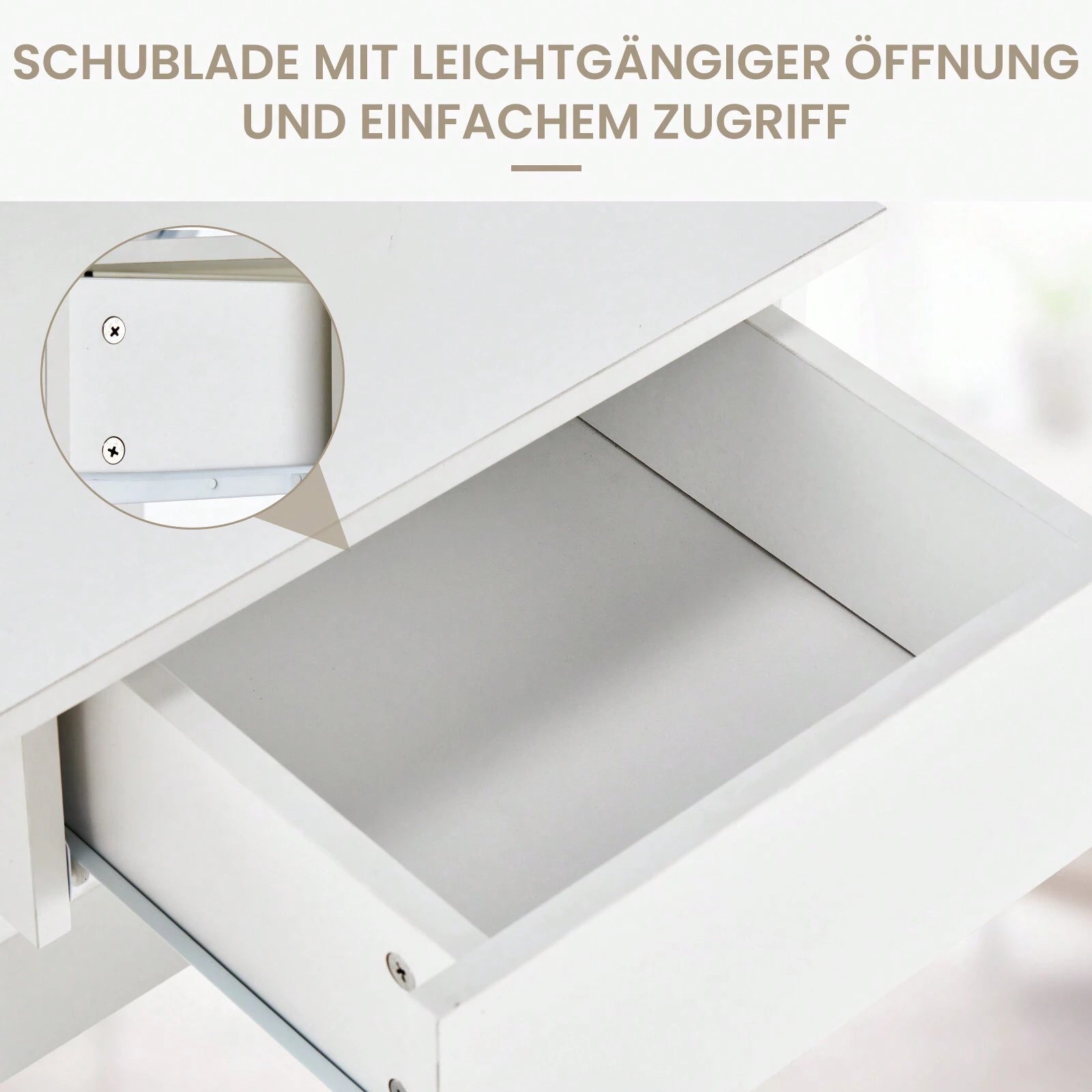 Dotata di un pratico cassetto e tre scomparti aperti, offre ampio spazio di archiviazione per cosmetici e accessori.
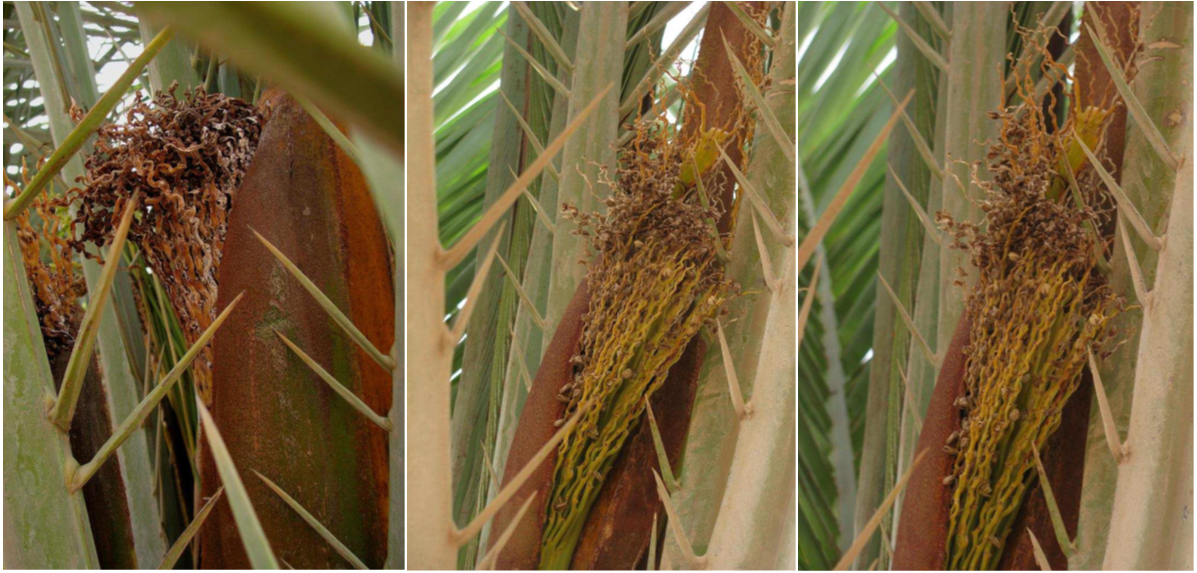 يهاجم المسبب المرضي البراعم الزهرية حال تكونها وهي لا تزال تحت أباط الاوراق ، تبدا الإصابة بظهور بقع صغيره جوزيه اللون على الجزء العلوي لغلاف الطلع الخارجي، وبعد فتره تتطور الإصابة حيث يهاجم المسبب المرضي السطح الداخلي للطلعة ومن ثم الازهار والشماريخ، بل قد تمتد الإصابة الى العرجون نفسه ، وفي حاله الاصابات الشديدة لا تتفتح الطلعة بل تجف و تموت النورات الزهرية داخلها قبل اكتمال نموها.
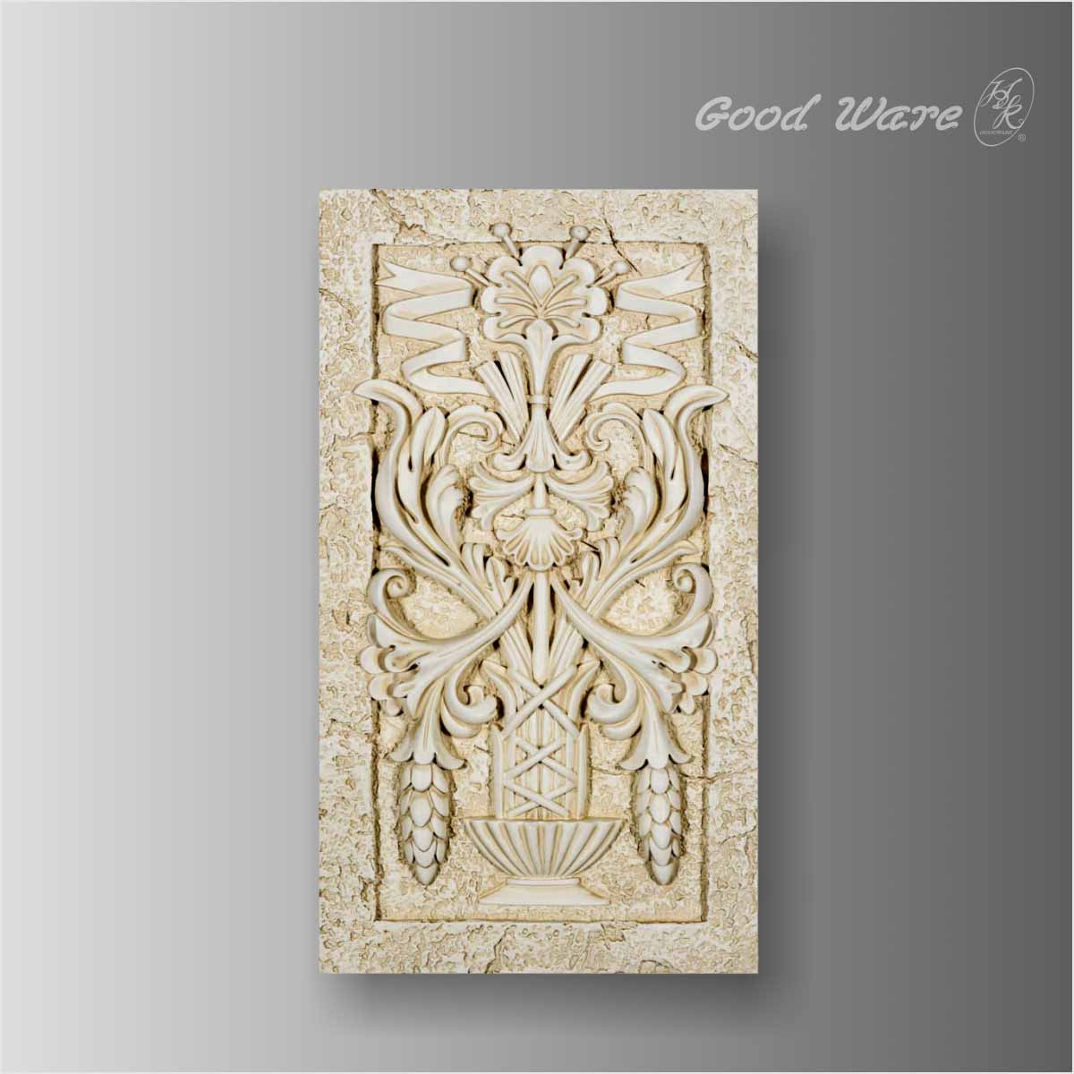 Polyurethane decorative Baroque indoor wall paneling for sale, 23-5/8”L X 13-3/8”W X 1-15/16”D in size. This fantastic faux stone relief wall panel is designed with elegant and coherent floral and flowers combined with corns in vivid details and expression. This wall panel demonstrates the fine craftsmanship and genius pursuit of quality. Relief wall panel can always create a new impression of walls, ceilings, due to the well compatibility with different styles of furniture, Our H&K Goodware relief wall panels are open to be customized.
^^^^^^^^
EXERCISE AIM: Starting with the top line, write out all the data above exactly; keep the pictures out.

TASK OUTPUT:
 Dotata di un pratico cassetto e tre scomparti aperti, offre ampio spazio di archiviazione per cosmetici e accessori.
 يهاجم المسبب المرضي البراعم الزهرية حال تكونها وهي لا تزال تحت أباط الاوراق ، تبدا الإصابة بظهور بقع صغيره جوزيه اللون على الجزء العلوي لغلاف الطلع الخارجي، وبعد فتره تتطور الإصابة حيث يهاجم المسبب المرضي السطح الداخلي للطلعة ومن ثم الازهار والشماريخ، بل قد تمتد الإصابة الى العرجون نفسه ، وفي حاله الاصابات الشديدة لا تتفتح الطلعة بل تجف و تموت النورات الزهرية داخلها قبل اكتمال نموها.
 Polyurethane decorative Baroque indoor wall paneling for sale, 23-5/8”L X 13-3/8”W X 1-15/16”D in size. This fantastic faux stone relief wall panel is designed with elegant and coherent floral and flowers combined with corns in vivid details and expression. This wall panel demonstrates the fine craftsmanship and genius pursuit of quality. Relief wall panel can always create a new impression of walls, ceilings, due to the well compatibility with different styles of furniture, Our H&K Goodware relief wall panels are open to be customized.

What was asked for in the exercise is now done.